Example: 156 to binary

$156 \div 2 = 78 \text{ R } 0$ $78 \div 2 = 39 \text{ R } 0$ $39 \div 2 = 19 \text{ R } 1$ $19 \div 2 = 9 \text{ R } 1$ $9 \div 2 = 4 \text{ R } 1$ $4 \div 2 = 2 \text{ R } 0$ $2 \div 2 = 1 \text{ R } 0$ $1 \div 2 = 0 \text{ R } 1$

Answer: $(10011100)_2$

Quick Conversions

Binary ↔ Octal

Group binary digits in 3s (from right).

$(10011100)_2 = (010|011|100)_2 = (234)_8$

Binary ↔ Hexadecimal

Group binary digits in 4s (from right).

$(10011100)_2 = (1001|1100)_2 = (9C)_{16}$

Binary Arithmetic

Addition

  1011
+ 0111
------
 10010

Carry: 1 + 1 = 10 (write 0, carry 1)

Subtraction

Use borrowing or two's complement.

Multiplication

Similar to decimal, but simpler (only 0 and 1).

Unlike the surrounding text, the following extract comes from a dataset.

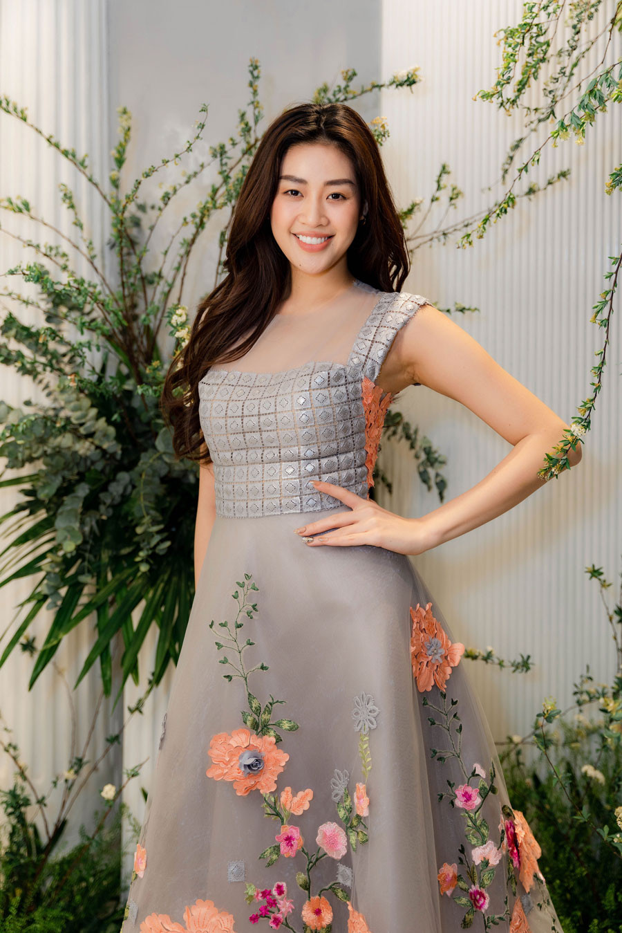 Hoa hậu Khánh Vân chọn bộ cánh chất liệu voan bay bổng, đắp hoa nổi bằng kỹ thuật thủ công. Phần tùng váy xòe nhẹ, tôn dáng, sang trọng và lịch sự để cô tự tin xuất hiện trong những dịp đặc biệt.
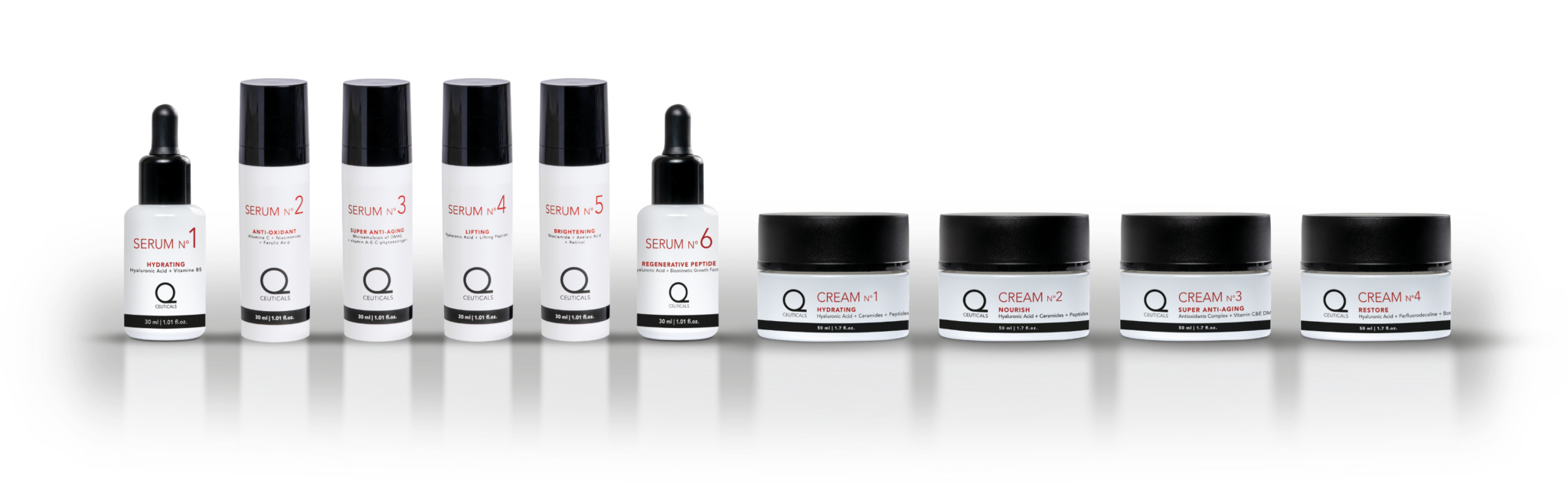 Qceuticals Creams are formulated with key ingredients in high concentration to hydrate, nourish, rejuvenate and regenerate.

Signed Integer Representations

Sign-Magnitude

First bit is sign (0 = positive, 1 = negative), rest is magnitude.

Problem: Two representations of 0 (+0 and -0).

One's Complement

Negative: flip all bits.

Problem: Still two zeros.

Two's Complement (Most Common)

For $n$-bit number:

• Positive: standard binary
• Negative: flip bits and add 1 (or $2^n - |x|$)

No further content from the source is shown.